Right now it has EXEMPLAR all over the place, and I’ve changed that in the draft find_package branch for optional. I think two uses is enough to indicate it should live in one place before we get a third.
I started experimenting here on how we can pull infrastructure changes using subtree from infra to any library that derived from the examplar template. I created a pull_infra.sh script that fetches some files and folders.
The initial plan was to pull all files inside the .devcontainer/ and .github/ folders (using vendor workflow) because the infrastructure code should reside in those folders. The assumption I made is that all library repos (sooner or later) should have the same containers and pipelines and the development of the infrastructure will be done in the infra repo. Then the library developers will run the script manually to pull the latest changes as they wish, and/or a pipeline will run it only after a successful release of the library.
However, my assumption doesn’t look correct since the contents of the .devcontainer folder in the infra and the examplar repos are entirely different. That left me wondering what the purpose of infra repo (the readme file was not that enlightening). @neatudarius since you grasped the idea, can you explain the purpose of the infra repo? Thank you in advance.
Everyone I have talked to wants to see a consistent experience across the Beman repos.
I’ll let Darius speak from his perspective, but my expectation is that we just haven’t gotten that far yet.
I was reading up on publishing GitHub actions that can be reused this morning. I’m chewing over how and when we would get the .github/ directory in beman.exemplar simplified, not if.
Intresting to see how publishing GitHub actions could be reused and automatically get updated by all library repos that derived from the examplar. I suspect that after a new action version is released a small version increment should be made on all the library repos. If this is true it would not be that convenient to do as the number of libraries increases over time. So, my experimentation is on how to massively update all libraries.
A possible scenario is 1) Create a new or update a GitHub action and publish it. 2) Update the workflow files in the infra repo. 3) Let library developers pull those changes without interrupting their development lifecycle.

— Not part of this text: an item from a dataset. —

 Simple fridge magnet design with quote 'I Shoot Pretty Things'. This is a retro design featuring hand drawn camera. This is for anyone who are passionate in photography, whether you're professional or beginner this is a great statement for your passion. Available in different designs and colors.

I think that not forcing the library repos to get infrastructure updates when there is a new publication, and letting them pull when they are ready, is important. On the other hand, going on every repo and committing a new version is not fun, so I wanted to automate this. Let me know if you find an existing solution to that using just github actions.

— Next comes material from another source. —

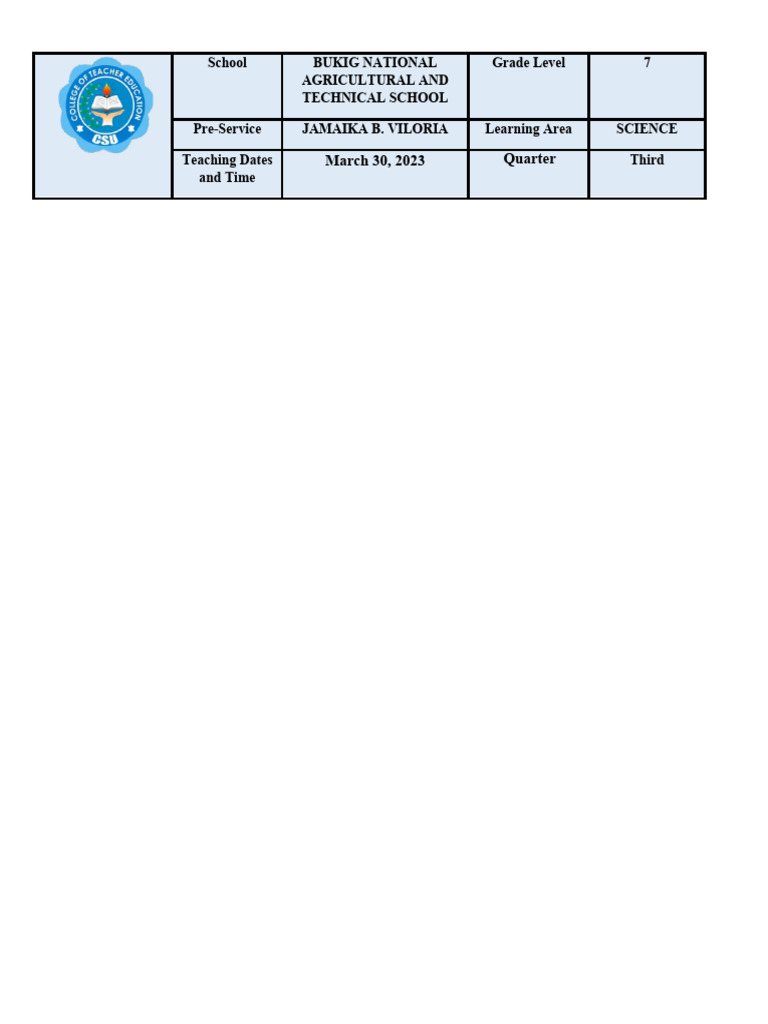 Pre-Service JAMAIKA B. VILORIA Learning Area SCIENCE

Btw, I think the steps in the approach above can work with publishing docker images too, but we have to wait and see.
Hello @Sdowney I used subtree in this PR Reuse infra by Jason5480 · Pull Request #150 · bemanproject/exemplar · GitHub as you suggested. The goal is to prove that we can pull changes from infra repo into exemplar (and any other Beman library) I’d love it if you reviewed the changes I made. However, I will not merge until we decide what the relation between infra and exemplar repos should be. Also, I want your opinion on the infrastructure needed to run the pull_infra.sh script. I wrote the in the prerequisites that git subtree and rsync are needed, but I had some problems running it inside the container since the subtree was not part of the git core installation and I had to install it manually. If we decide to do it that way, we should find a more elegant solution for the installation of the subtree. Thank you in advance!